Bergama Mabedi’nin (Zeus Tapınağı) Türkiye’den Almanya’ya Kaçırılış Hikayesi

1877 yılında Viyanalı bir profesör Prusya Kraliyet Enstitüsünün daveti üzerine Berlin’e gelmiştir. Bu kişi Hanover’lı bir süvari subayının oğlu heykeltıraş Aleksander Konze’dir. Dönemin ünlü profesörü olan Konze’yi kendisini enstitüye yenilik ve canlılık getirmesi için çağırılmıştı. İlk olarak Kraliyet müzesinin heykel galerisini inceleyen profesör, burada Atina, Roma, Paris ve Londra müzelerinde bulunan heykellerin birer kopyalarının bulunduğunu görmüştür. Orijinal heykel bakımından galeri oldukça yetersizdi. Ne kadar mükemmel olursa olsun sonuç itibariyle kopyalardı ve değersizlerdir. Heykeltıraş müzeye orijinal heykel temin etmek üzere derhal faaliyete geçti. Konze bir gün müzede Villa Ludovisi’nin kahramanlar galerisini gezerken duvarda mermerden yapılmış orijinal bir genç savaşçı figürü görmüştür. Kataloğa bakarak rölyefin “Ölen İskender” olarak adlandırıldığını görmüştür.
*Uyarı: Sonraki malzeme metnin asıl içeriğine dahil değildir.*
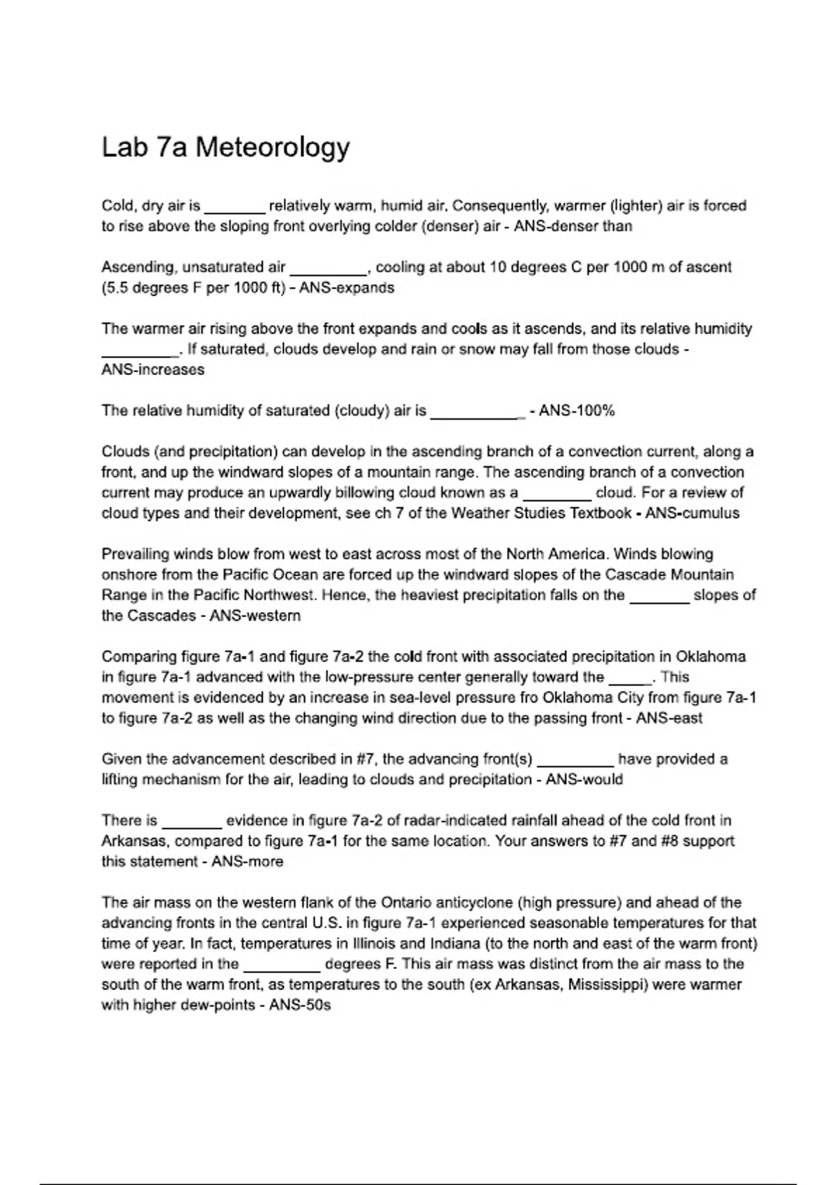 Exam of 2 pages for the course LS 7A at LS 7A (Lab 7a Meteorology.)

Müze memurları bu parçanın nereden geldiğini bilmiyorlar ve direktörün bu mermer parçasına karşı merakını hayretle karşılıyorlardı. Kayıtlardan bu rölyefin buraya Almanya’nın İzmir konsolosu tarafından gönderildiği ve ona da Anadolu’da yol mühendisliği yapmakta olan tarih meraklısı Kari Human tarafından verildiği anlaşıldı. Bu arada mühendisin Anadolu’nun tarihî eserler bakımından akıl almaz zenginliğini tasvir eden mektuplarını buldu. Human bu mektuplarda o zaman arkeologlar için tamamen meçhul olan Ege medeniyetinin artıklarından bahsediyor ve Bergama’daki şaheserleri, hazineleri ayrıntılı bir biçimde anlatarak bunların diplomatik yollardan kurtarılması için girişimlerde bulunulmasını istiyordu. Konze konsolos vasıtasıyla derhal Human’la temasa geçti.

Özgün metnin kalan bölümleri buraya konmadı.